Paper long abstract:
This communication is about a field experience involving Central Brazil's Xavante performances of "tradition" to Japanese visitors and the participation of this researcher in them.
It comments about the visit of a group of Japanese medicine students to watch rituals and do health examinations on the Xavante people from the Abelhinha village; the preparations for the rituals; the painting of this researcher as a "Xavante"; the games, dances and singing showed as difference markers - and also other performances not noted as such (like pranks) - by the Xavante and the Japanese students. It also talks about the gift giving at the encounter.
Tradition and "tradition" (between quotes, as Manuela Carneiro da Cunha could say) were pulled together at once by the Xavante.
Xavante tradition might be exactly about relating to others. While they act as the others would expect, they also capture the "other", only to recreate more difference towards other "others".

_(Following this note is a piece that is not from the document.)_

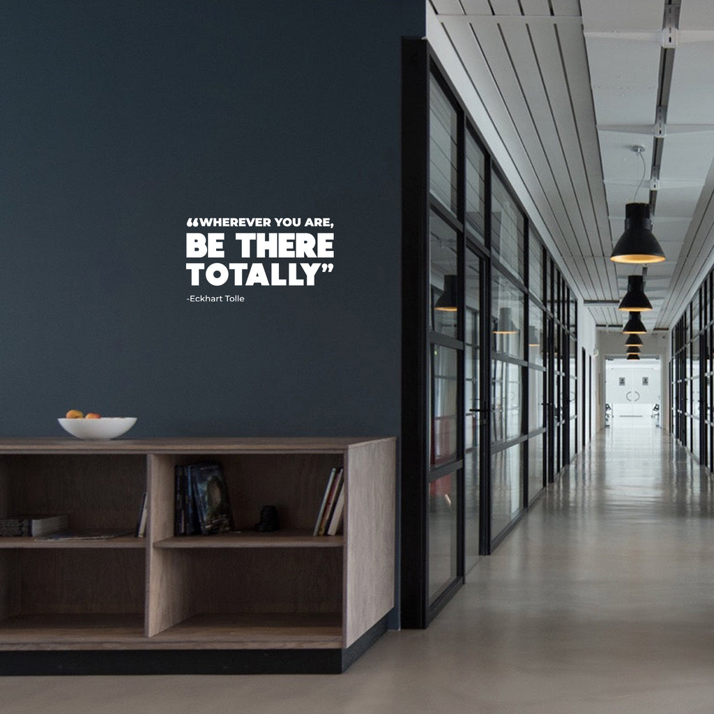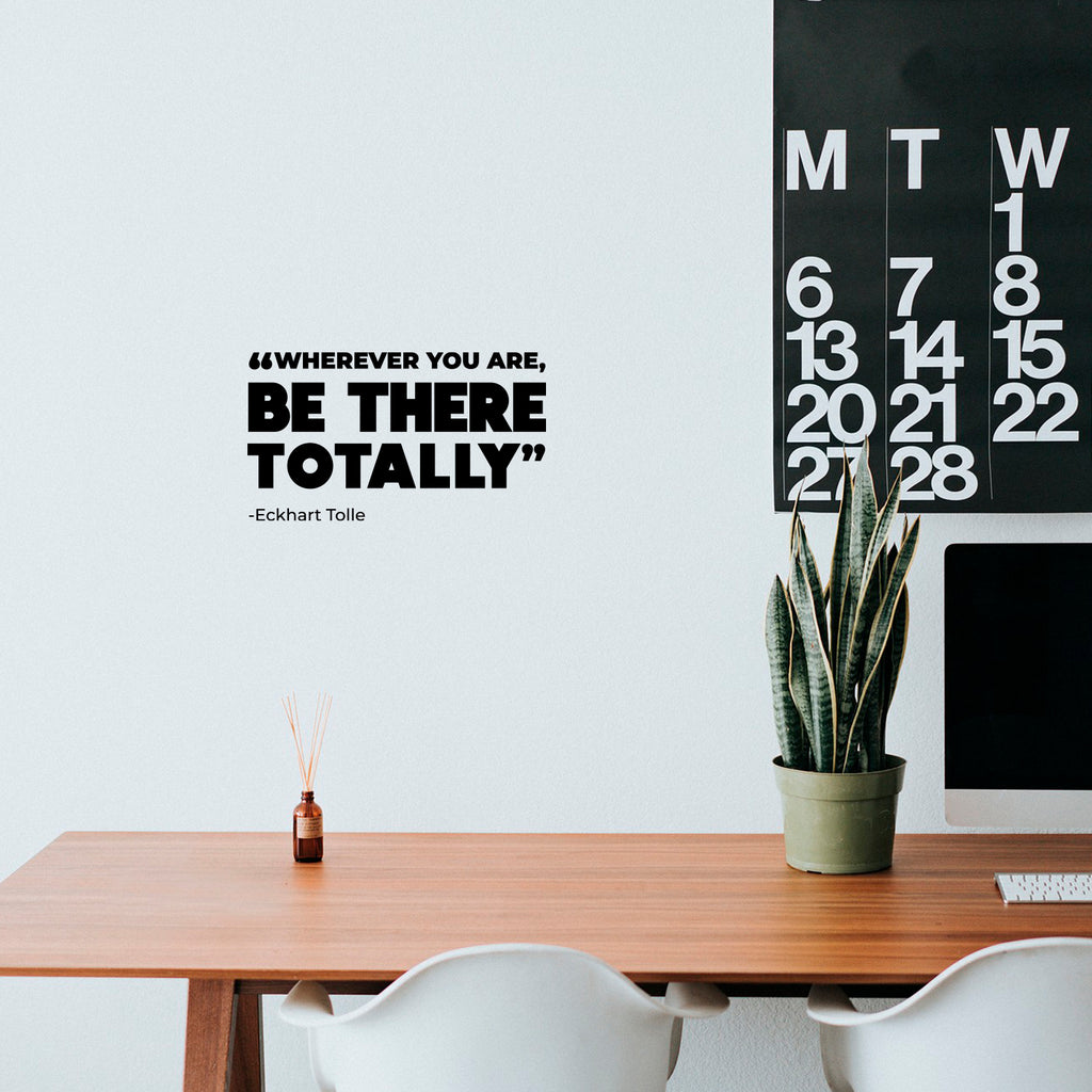 This awesome motivational decal quote "Wherever You Are Be There Totally"; is the perfect touch for your home or office. Use it for your living room; coffee shop; storefront or anywhere you want to bring some extra inspiring decoration. It's a vinyl sticker that is easy to put on any smooth and dry surface. Our modern designs don't just brighten up the room; but brighten up the day. Using top of the line vinyl across all of our production allows us to be the leaders in quality and design.

By painting this researcher, calling me to take part on one collective shamanic dance, offering me one of the very gifts that the Japanese students brought to the Xavante themselves, washing me in the river and so on, the Xavante played a small part of the long (and maybe never ending) process of transforming "the other" into "the same".
The "Western" (or "Oriental"?) medicine enters this relation as something to be captured too, which does not eliminate the Xavante medicine. The coexistence between "the other" and "the same" would be a constant part of the Xavante tradition.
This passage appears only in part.